Monday 29 August 2011

Pasta

I was four when the mom-bot was returned to the Yard. I can remember coming home from school and running into the kitchen excitedly waving my painting around, and skidding to a halt as I realised that the mom-bot wasn't there. I started crying then, because the mom-bot was always in the kitchen when I came home from school. Sometimes it would be stood at sink, irradiating the dishes or the vegetables, and sometimes it would be stood at the cooker stirring things in pots. Often it was pasta, which was my favourite meal. My father hated the mom-bot's pasta though.
I was still crying twenty minutes later when my older brother came in to the kitchen, looked around and then punched me in the ribs. Unsurprisingly that didn't stop me crying, but spurred me on to greater volume, and I found some more tears to dribble down my cheeks.
"Shut it!" he said. "What have you done with the mom-bot? Where's tea?" He scuffed his shoes on the black and white checkered linoleum floor and looked ready to punch me again.
"The mom-bot's gone," said Dad from behind me. "Stop crying, Kirstin, the mom-bot's not coming back."
This time I did stop crying, but mostly out of shock. I turned to stare at him, and he did this funny shrug thing with his shoulders while there was a strange smile on his face. "It was defective," he said. "It didn't do things right. If the Yard can fix it, then we'll get the mom-bot back. Otherwise we'll have to make do without it."

*

The mom-bot never came back. It was odd being the only family on the street without a mom-bot, and at first, quite hard at school. No-one expected you to be missing both a mother and a mom-bot, though it was the lack of a mom-bot that always got attention first.

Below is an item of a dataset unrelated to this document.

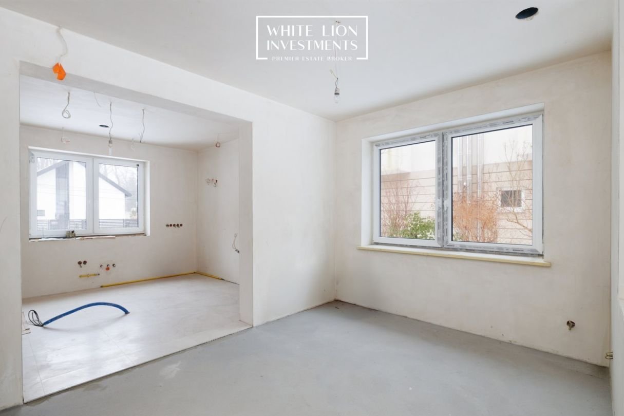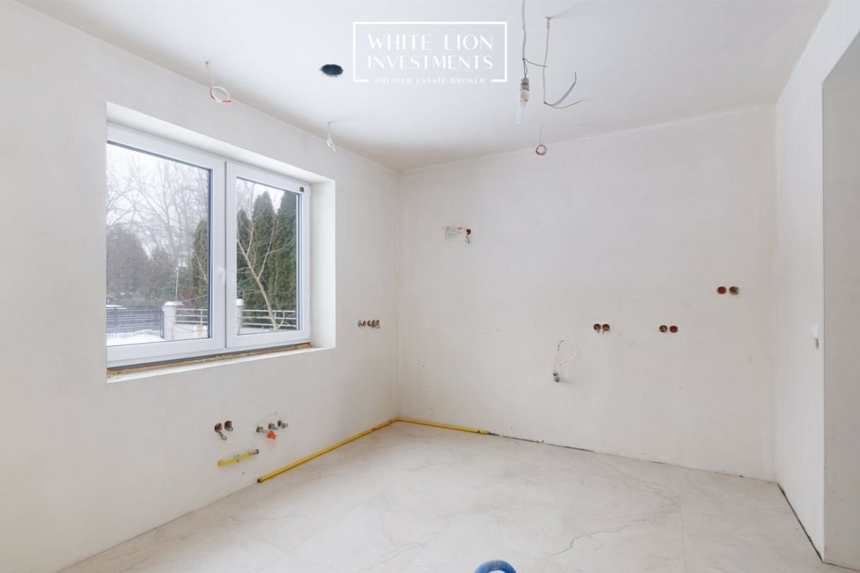Nieruchomość obecnie jest w stanie surowym zamkniętym co pozwala na nieograniczoną koncepcje aranżacyjną. Zastosowono nowoczesne rozwiązania typu rekuperacja, panele fotowoltaiczne, system rozprowadzania wód nadmiarowym z działki a także nowoczesny piec gazowy z zasobnikiem wody. Dużym autem jest fakt wykonania oddanych do użycia wszystkich toalet i łazienek co znacząco obniży koszt nowemu właścielowi.

"You poor thing," murmured teachers when I told them. "It must be very hard for you. My own mom-bot is... well, I couldn't do without her."
That was the first time I noticed that everyone else called their mom-bot her, but we'd always called ours it. I was sixteen before I realised that Dad must have been responsible for that.

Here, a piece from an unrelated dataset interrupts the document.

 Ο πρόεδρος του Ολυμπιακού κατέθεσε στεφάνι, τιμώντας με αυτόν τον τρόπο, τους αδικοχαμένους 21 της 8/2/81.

At the same time, I'd been taking a lot of mathematics and computer science courses at school, and so when I realised that the Yard had a substantial online presence, I decided to do some snooping. I stole Dad's National Security number and used it to access the Yard as him. His personal questions were easy to answer, and soon I had a record of all of his interactions and requests to the Yard. They were, to my surprise, encrypted, but using a simple Playfair cipher that I cracked in half an hour.
And there is was, in white-on-black on my screen. The reason for the return of the mom-bot.

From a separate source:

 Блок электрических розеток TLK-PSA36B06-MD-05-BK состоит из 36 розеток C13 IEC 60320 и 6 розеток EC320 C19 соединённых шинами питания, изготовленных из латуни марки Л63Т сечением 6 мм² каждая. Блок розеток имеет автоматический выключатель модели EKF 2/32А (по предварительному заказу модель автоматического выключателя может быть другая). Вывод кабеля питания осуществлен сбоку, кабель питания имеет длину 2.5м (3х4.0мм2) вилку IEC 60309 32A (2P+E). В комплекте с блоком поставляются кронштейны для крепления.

'It does not make pasta correctly. It consistently adds the sauce to the pasta instead of the pasta to the sauce.'
Below that was a question from the Yard: 'Requested action?'
And Dad's reply: 'Destruction. This is a crime against humanity.'
I laughed, and then stopped, and then laughed again. Surely this was ridiculous? No-one requested destruction of a mom-bot, let alone for the way it made pasta! Then I wondered; why on earth had the Yard complied with Dad's request? A mom-bot was an expensive piece of equipment; most families spent years paying for theirs, it was like a mortgage. All the upgrades came at a cost too, to have a truly up-to-date mom-bot required a high-paying job and a willingness to make personal sacrifices. Dad was just... what was Dad? I suddenly realised I had no idea what Dad did for a living.
Well, I was in his files, all I had to do was call up the personal identity section, which I did. And then I turned the computer off, opened up the case and pulled the memory chips from the board and hacked them apart with scissors. There was no way I wanted any proof I'd looked at Dad's account to be anywhere, even if meant not being able to do my homework until I'd replaced the chips.
At dinner that evening, my brother served up the meal with a smile on his face.
"Pasta!" he said, "Just like mom-bot used to make."
I couldn't bring myself to look at Dad's face, but I heard him whisper, so quietly that he thought we wouldn't hear, "Oh dear, oh dear."